El matrimonio de Pippa Middleton y James Matthews, realizado el sábado 20 de mayo en la bucólica capilla de St. Marks, en Englefield, Inglaterra, fue el tema que obsesionó a la prensa británica durante los últimos meses. Desde el anillo de compromiso –un enorme diamante octagonal de los joyeros Robinson Pelham valorizado en 260 mil dólares– hasta el boot camp de pilates, cardio y relajación al que se sometió la novia de treinta y tres años pocos días antes de la ceremonia, todo fue cubierto por los medios hasta en sus más pequeños detalles.
Las expectativas eran grandes para la hermana menor de Kate Middleton. Pero desde que llegó junto a su padre Michael Middleton a bordo de un antiguo auto gris descapotable a la entrada de la capilla, luciendo un elegante vestido blanco de encaje de Giles Deacon, de setenta mil dólares, que resaltaba su atlética figura, todo el mundo supo que esta muy anticipada boda no desilusionaría a nadie.
Pippa quizás no tuvo toda la pompa y solemnidad de Kate en su matrimonio con el príncipe William, pero su enlace fue un ejemplo perfecto de la elegancia y el encanto británicos. Un cuento de hadas armado en medio de verdes colinas, con miles de flores en el paisaje; tradición alternando con modernidad en sus protocolos; nobles, aristócratas y celebridades entre los invitados; y el pequeño príncipe George, tercero en la línea de sucesión al trono, sirviendo como adorable paje.
La duquesa de Cambridge, que se preocupó de arreglar el velo de su hermana a la entrada de la iglesia, como Pippa lo hizo con ella seis años atrás, llevó puesto un vestido hecho especialmente para la ocasión por la casa Alexander McQueen, color nude y a la rodilla, tan elegante como discreto, con mangas largas y abombadas, un sencillo escote en V y sombrero al tono creado por Jane Taylor. Kate fue la perfecta dama de honor, dejando que su hermana brillara bajo las luces mientras ella se encargaba de organizar al grupo de ring bearers y flower girls que incluyó a sus dos hijos, George y Charlotte.

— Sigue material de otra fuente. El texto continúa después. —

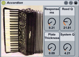 | Description: | A physical model of an accordion. The patch uses a purpose-built external called freereed~ which does fancy maths to model the vibration of a reed. It's polyphonic - 5 voices. Accordion takes MIDI inputs for frequency (note) and bellows pressure (velocity). If bellows pressure is too high or too low the reed doesn't vibrate. In the middle it makes surprisingly little difference to the level or tone. Other Controls: Response - time in ms for pressure to ramp up at the beginning of a note and down at the end. Reed Q and System Q - represent damping in the reed and the rest of the system. To sound, System Q must be a lot less than Reed Q (try about 1/5 to start with). Then change them to see changes in tone. Plate thickness: 0 to 1 representing thickness of the plate that the reed sits in. Start about 0.07 and try changing. Version 1.1: New build of the external freereed~ that should be more stable across machines. |
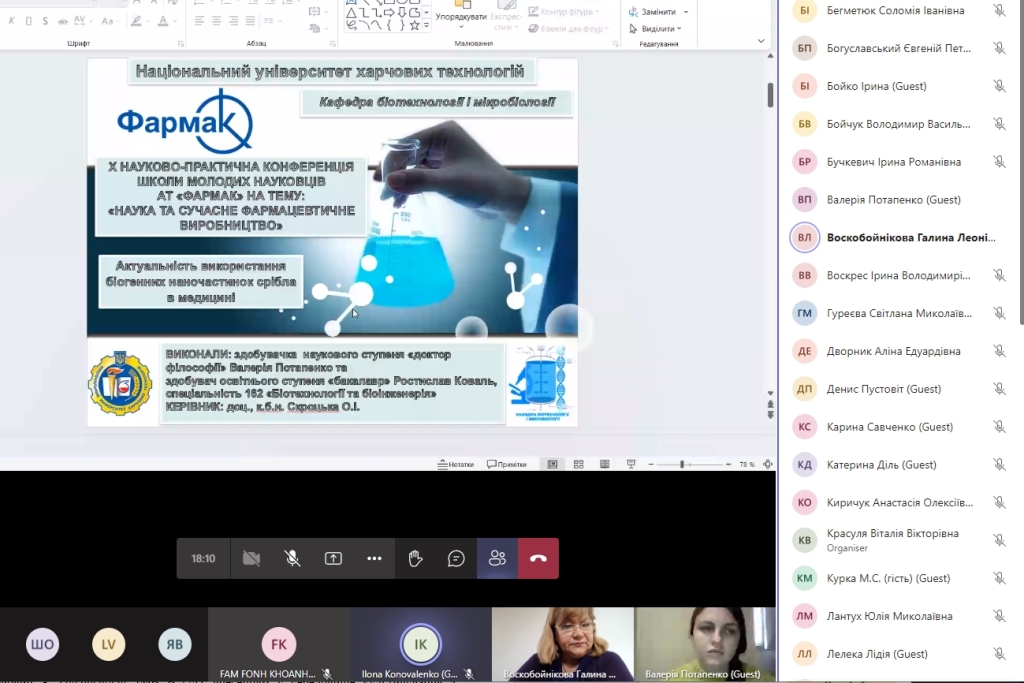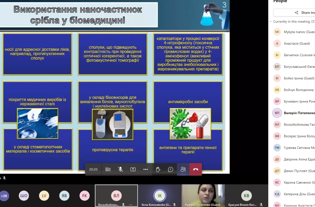 Валерія Потапенко та Ростислав Коваль представили доповідь щодо широкого використання наночастинок срібла (AgNPs) в медицині, способів їх отримання, а також притаманних їм властивостей. Так, AgNPs використовуються у противірусній терапії, у складі біосенсорів, як антимікробні засоби, як носії для адресної доставки ліків, у складі стоматологічних матеріалів і косметичних засобів, як покриття медичних виробів із нержавіючої сталі, як антигени та препарати генної терапії. Крім того, були висвітлені результати наукової роботи, де пошукачі отримували наночастинки срібла за допомогою дріжджів на базі лабораторій кафедри біотехнології і мікробіології.
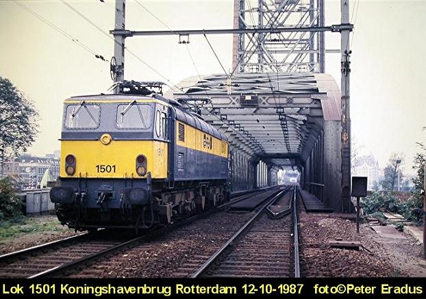 Ook na haar buitendienststelling in de zomer van 1986 reed de 1501 nog een aantal keren voordat ze gereviseerd en geschilderd zou worden. Op 10-10-1987 was er een "Open Dag" op het station van Rotterdam. Op 12-10-1987 bracht ik de lok weer terug naar R'dam Feijenoord en dit was een mooie gelegenheid om de lok eens nabij de Koningshavenbrug te fotograveren tijdens een korte fotostop aldaar (en voordat er reaktie's komen: er was ook nog een veiligheidsman aanwezig
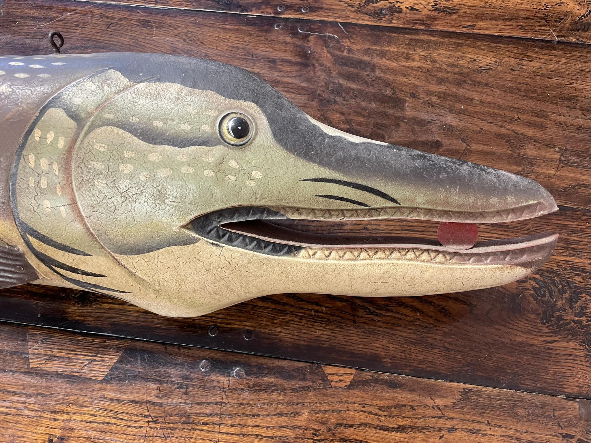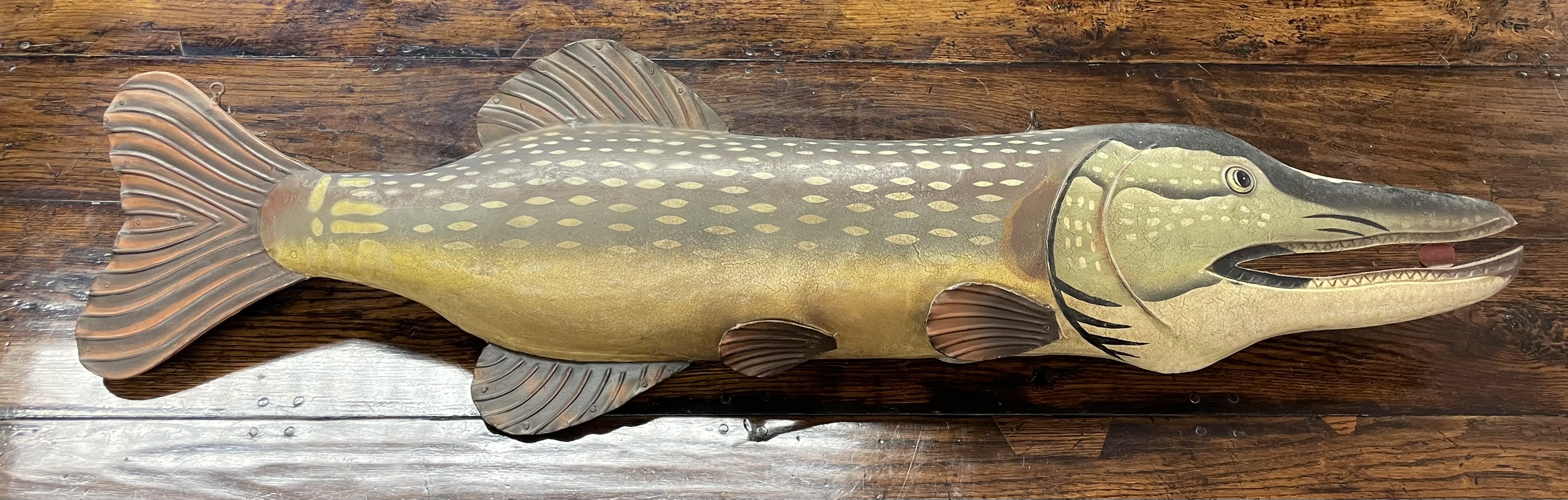 A Large Metal Pike that’s a possible Advertising / Shop Sign with eyerings to suspend the pike from above. Approx 123cm long
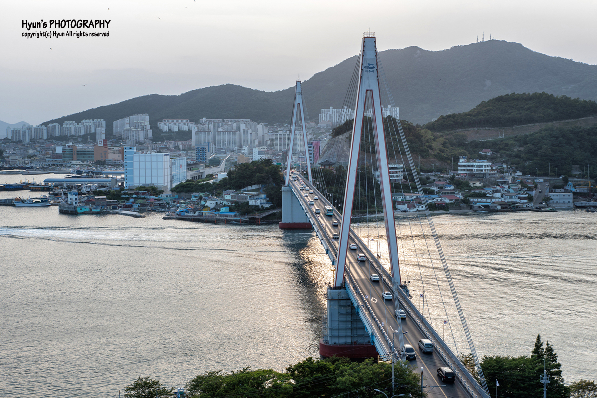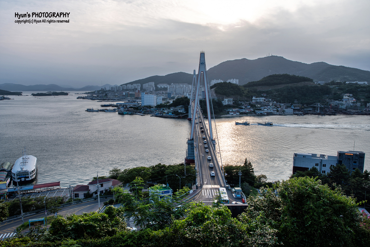 돌산공원 전망대는 약간 언덕 쪽에 위치해 있는데, 주차장에서 내리면 바로 산책로 쪽으로 전망대 데크가 있어 이곳에 서게 되면 돌산대교가 잘 보입니다. 야경을 보러 간 것이지만, 저는 해지기 전 조금 일찍 도착을 했습니다.

St. Marks, una iglesia del siglo XII ubicada a solo unos kilómetros de Bucklebury, donde Pippa, Kate y su hermano James crecieron y sus padres, Michael y Carole, todavía viven, fue el escenario ideal para esta espectacular boda de primavera. En las últimas semanas, la capilla fue cuidadosamente restaurada, sus centenarios muros repulidos de piedra y sus rejas de metal pintados en un acertado tono dorado que, Dios nos libre, no tenía nada de ostentoso o vulgar.
La recepción para los aproximadamente trescientos invitados fue ofrecida en la mansión de los Middleton, una manor house de estilo georgiano valorizada en ocho millones de dólares y listada de “grado II” en la guía de residencias históricas (“de especial interés”), convertida por una noche en un palacete de fiesta con fuegos artificiales y luces led; y también con una mesa de ping pong donde, según reveló la prensa inglesa, los príncipes William y Harry jugaron con Roger Federer, otro de los invitados; un lugar en el que los asistentes pudieron disfrutar botellas de champán de una exclusiva viña de Sussex y un banquete que incluyó 60 mil dólares en caviar donado, según el “Daily Mail”, por un multimillonario ruso amigo de la pareja. El menú de tres platos fue preparado por un equipo de treinta chefs, y la torta nupcial estuvo a cargo de la célebre pastry chef Fiona Cairns, quien también tuvo esa responsabilidad en el matrimonio de William y Kate.
Después de la cena, los invitados bailaron al ritmo de una de las bandas de jazz y swing favoritas de Matthews. La novia del príncipe Harry, Meghan Markle, también estuvo invitada, pero no asistió a la ceremonia en cumplimiento de la norma que reza “sin anillo no hay invitación”, y que rige tácitamente en el protocolo monárquico británico.